Dienstag, 14. Juni 2011

OHNE BEISSHEMMUNG

Ein Beitrag von BenHuRum



Mit tiefer, doch triefender Stimme rief sie das Mädchen herbei: „Mein Kindchen, ach, dass ich so vergesslich bin. Immerzu such´ ich mein Tüchelein. Verzeiht´s mir, mein Herzchen ?“ Das Kind half der Alten mit festem Griff unter die Arme, sich aufzurichten. „Herrjemine, Herrjemine, wie bin ich gebrechlich, mein Engelchen.
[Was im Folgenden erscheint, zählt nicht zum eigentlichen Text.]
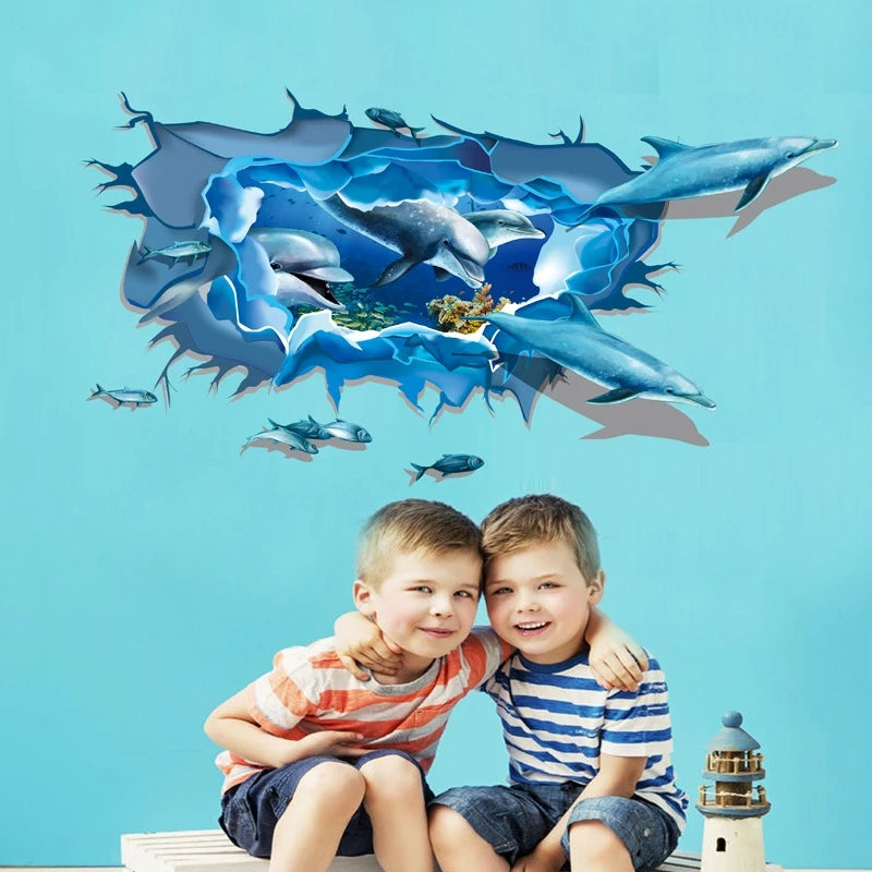 Cartoon Dolphin Fish Swimming Wall Stickers xh4176
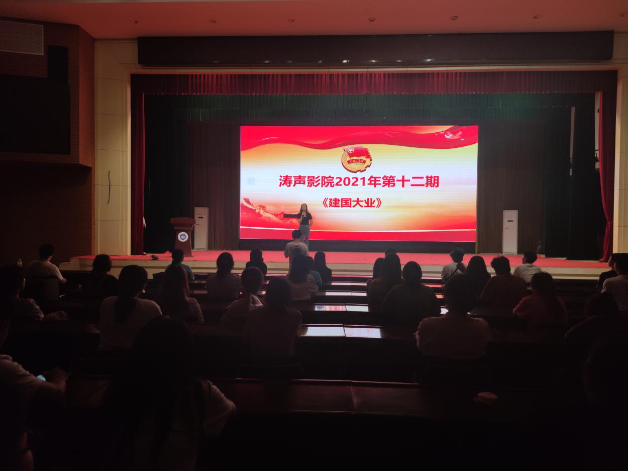 在庆祝建党100周年之际,为了使广大青年了解党的历史,赓续精神血脉,凝聚青年力量,艺术与设计学院分团委于2021年6月25日晚7点在活动中心报告厅举办2021年第十二期“涛声影院”活动,观看影片是《建国大业》。本次活动由艺术与设计学院分团委书记张嫚主持。
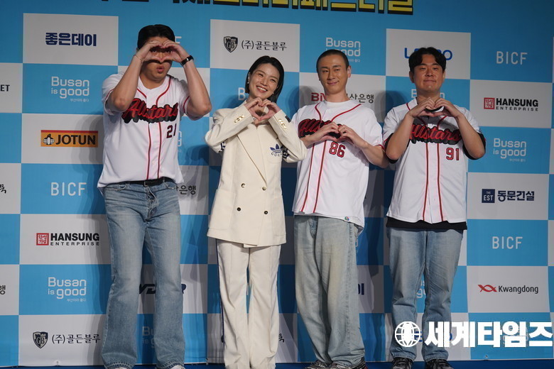 29일 부산 벡스코 오디토리움에서 제13회 부산국제코미디페스티벌(BICF) 개막식이 열린가운데 '안영미'와 서울코미디올스타스(송하빈, 김주환, 문지완) 팀이 블루카펫 행사에서 포즈를 취하고 있다.
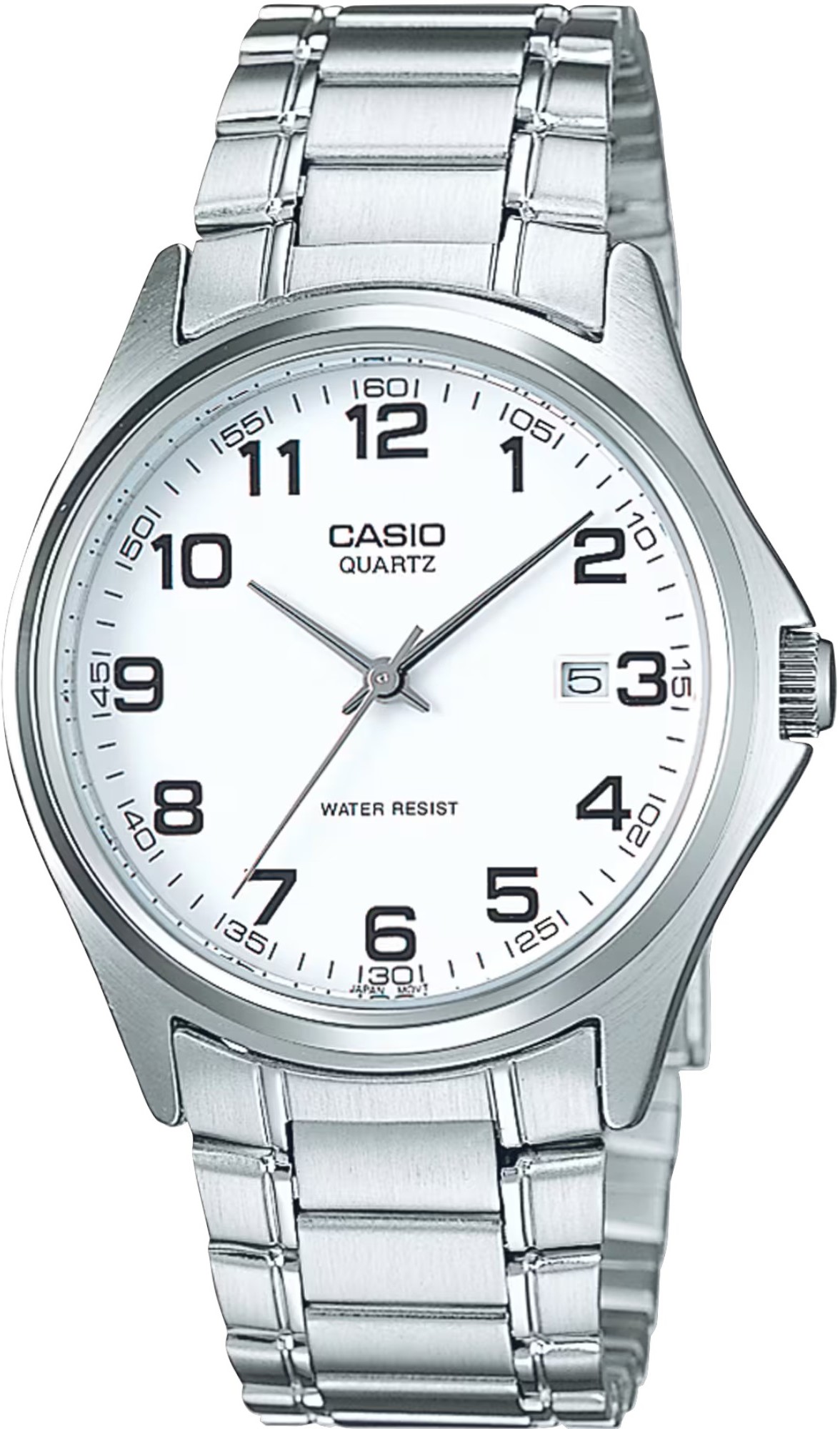 Мужские наручные часы с аналоговой индикацией. Корпус стальной полированный. Механизм кварцевый с центральной секундной стрелкой и индикатором даты.
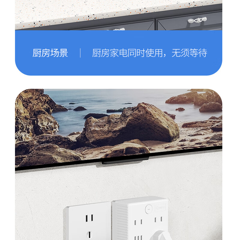 国际电工厨房轨道插座可移动排插壁挂式电力导轨插座快充一体明装轨道插板 【USB快充一体】50厘米+4个五孔适配器(蓝灯)
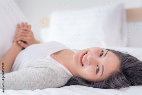 Beautiful young pretty Asian woman wake up and make happy smile with white shirt at the white bed in the morning.
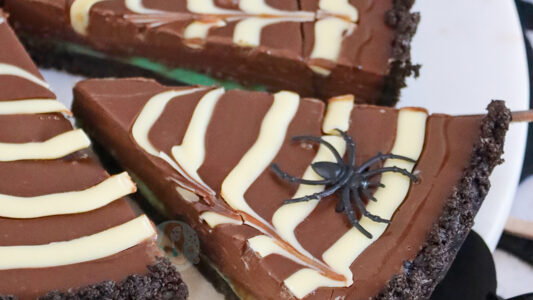 A delicious and spooky spider web tart with a biscuit base, slime mint filling, chocolate ganache and spider web… spooktacular.  Are you prepared to be terrified? Are you prepared to be grossed out? Are you prepared for something absolutely spooky… no? Well, what about something that isn’t spooky at all and really is just very…
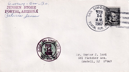 | Two different hand cancellations: "PORTAL RUR. STA., SAN SIMON, ARIZ. FEB 14 1967", and "PORTAL RUR. STA., SAN SIMON, ARIZ. USPO FEB 14 1967". |

Wie du alles wieder hergerichtet hast: das Tässchen und das Tellerchen, mein Gäbelchen und mein Küchelein.“ Das Mädchen schob ihr das Tischtablett vor die Brust und legt ihr die Finger um den Henkel der Tasse. Die Alte kicherte: „Ach, Kindlein, wie schäm ich mich, ich weiß nimmer mehr,  wo sie sind, meine Beißerchen, herrje.“ Es stand ihr, glaubte das Kind zu bemerken, das Wasser in den Augen. „Komm her zu mir, reich mir dein Händchen.“, rief die Alte. Es legte ihr beruhigend die Hand auf die Schulter und beugte sich zu ihr hinab. Da schlug ihr die Alte die Fangzähne in den Nacken. „Wie süß mein Engelchen heute schmeckt, wie reinlich und zärtlich das schmale Hälschen...“, frohlockte der Wolf.